### EXERCISE AIM
Could you give the entries back exactly as they stand, minus any pictures?

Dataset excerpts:
※
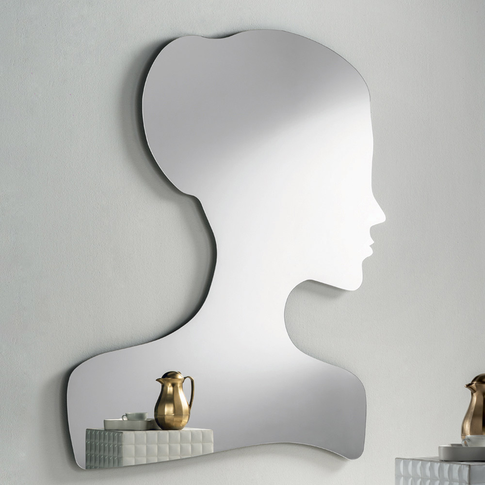 The mirror's shape reproduces the stylized profile of a female face , characterized by a gathered chignon , a slender neck , and exposed shoulders . This delicate silhouette creates an elegant and dramatic presence, transforming the mirror into a furnishing element with a strong visual impact.
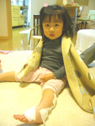 シャワーでジャージャー冷やし、チチ不在だったため 母屋のおばあちゃんに抱っこしててもらって 車を飛ばし、救急で診てくれる小児科に行って手当てしてもらい 一段落しましたが、足には何箇所も水ぶくれができてしまいました。
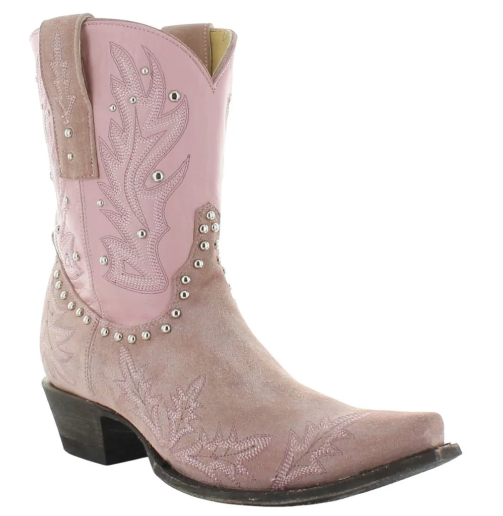 Yep, she’ll make you do a double take! The Whiplash booties by Old Gringo are turning heads FAST, but in the best way possible! Check out that beautiful baby pink leather, the subtle stitch details, and those silver stud accents. They’re the perfect height for wear year around with jeans or dresses. We love this modern twist on a classic cowboy boot design!
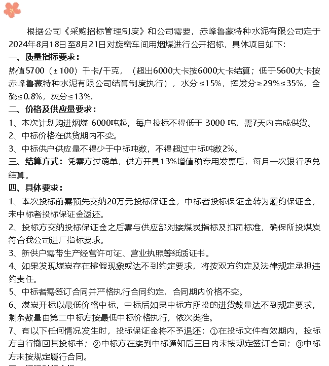 【招標(biāo)公告】魯蒙水泥
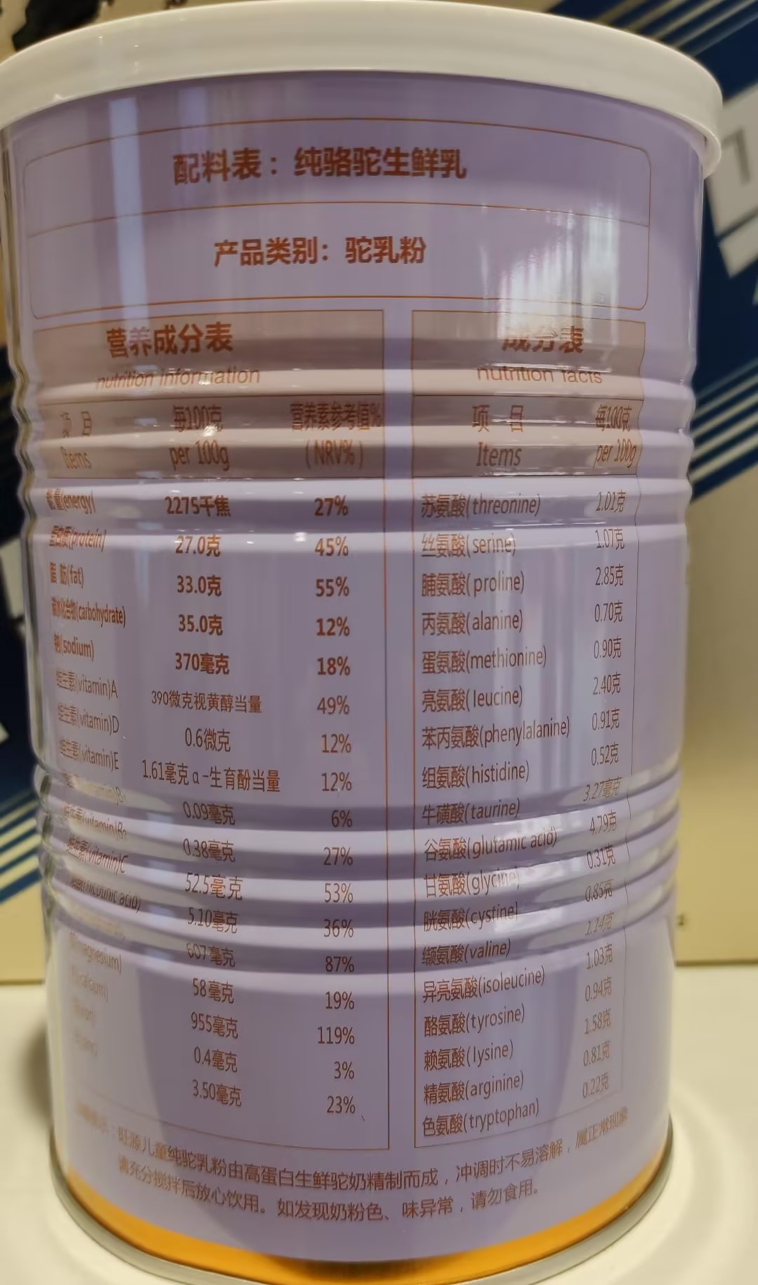 【配料】纯骆驼生鲜乳
※
### OUTPUT OF THE EXERCISE
 The mirror's shape reproduces the stylized profile of a female face , characterized by a gathered chignon , a slender neck , and exposed shoulders . This delicate silhouette creates an elegant and dramatic presence, transforming the mirror into a furnishing element with a strong visual impact.
 シャワーでジャージャー冷やし、チチ不在だったため 母屋のおばあちゃんに抱っこしててもらって 車を飛ばし、救急で診てくれる小児科に行って手当てしてもらい 一段落しましたが、足には何箇所も水ぶくれができてしまいました。
 Yep, she’ll make you do a double take! The Whiplash booties by Old Gringo are turning heads FAST, but in the best way possible! Check out that beautiful baby pink leather, the subtle stitch details, and those silver stud accents. They’re the perfect height for wear year around with jeans or dresses. We love this modern twist on a classic cowboy boot design!
 【招標(biāo)公告】魯蒙水泥
 【配料】纯骆驼生鲜乳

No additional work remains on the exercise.